Doğal ve kültürel doku katlediliyor.

Ülke zenginlikleri yağmalanıyor.

Emek hakkı için savaşım, yerini sadaka ekonomisine; özgür, cesur, çağdaş insan, yerini ezik, boyun eğmiş, yazgısına razı kula bırakıyor.

Türkiye, sadece Cumhuriyet tarihinin değil, birkaç yüzyıllık demokrasi, bağımsızlık ve uygarlık savaşımları tarihimizin yörüngesinden koparılarak, emperyalist çıkarların Ortadoğu’daki işbirlikçisi olmaya sürükleniyor.

Karanlık bir ortaçağ ülkesi olmaya dönüştürülüyor.

Ülkenin kendi yurttaşları arasında ayrımcılık, yaşadığımız coğrafyanın komşu ve kardeş ülkelerine karşı düşmanca söylem ve eylemler her zamankinden daha keskin ve kaygı verici.

Bölgeyi ve dünyayı bir kan gölüne çevirecek bir savaş çılgınlığında, Türkiye sanki suç ortağı olmaya kışkırtılıyor.

Çocuklarımızın, sonraki kuşakların gelecekleri için kaygılıyız.

Kaygılıyız ve bütün bunları reddediyoruz.

Tepkimizi Türkiye ve dünya kamuoyuna duyurmayı görev sayıyoruz.

Sanatçılar Girişimi, emeğin, demokrasinin, adaletin, çağdaşlığın, haksızlığa ve baskıya karşı direnişin yanında, toplumsal muhalefetin en ön saflarında yer almayı, sanatçılık onurunun, sanatçı vicdanının, sorumlu yurttaş olma bilincinin kaçınılmaz olduğu kadar onurlu görevi ve gereği saymaktadır.

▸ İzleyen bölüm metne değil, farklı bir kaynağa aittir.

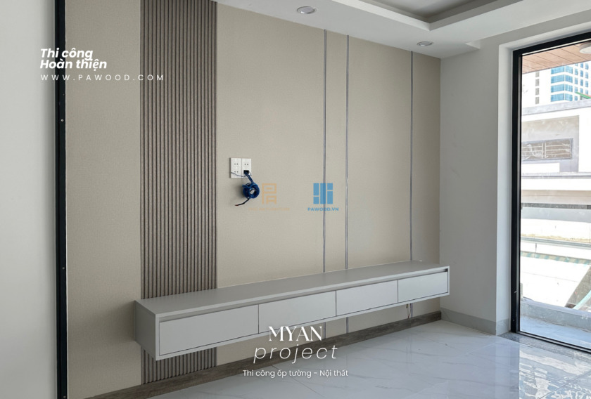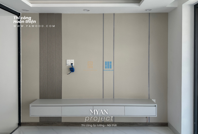 Hình ảnh của công trình thi công vách TV hiện đại:

Gücümüzü evrensel aydınlanma değerlerine olan inancımızdan, emek ve yaratma özgürlüğüne saygımızdan; sanatçı vicdanımız, bilinç ve duyarlılığımızdan alıyoruz.”

*

“Atatürk İlke ve Devrimleri” ni, Milli Eğitim Temel Yasası’ndan çıkartan, ulus bilincini yok eden, dinci ve kinci bir nesil yetiştirmek isteyen zihniyeti ben de kınıyorum.

Atatürk’ün “En gerçek yol gösterici bilimdir, fendir” sözünü yadsıyan; eleştirel aklı kullanmayan, sorgulamayan, kafaları dogmalarla doldurulan, efendilerine biat eden bir gençliğin anca emperyalist devletlere hizmet edeceğine inanıyorum.

Sanatçılar girişiminin yukardaki bildirisini ben de imzalıyorum.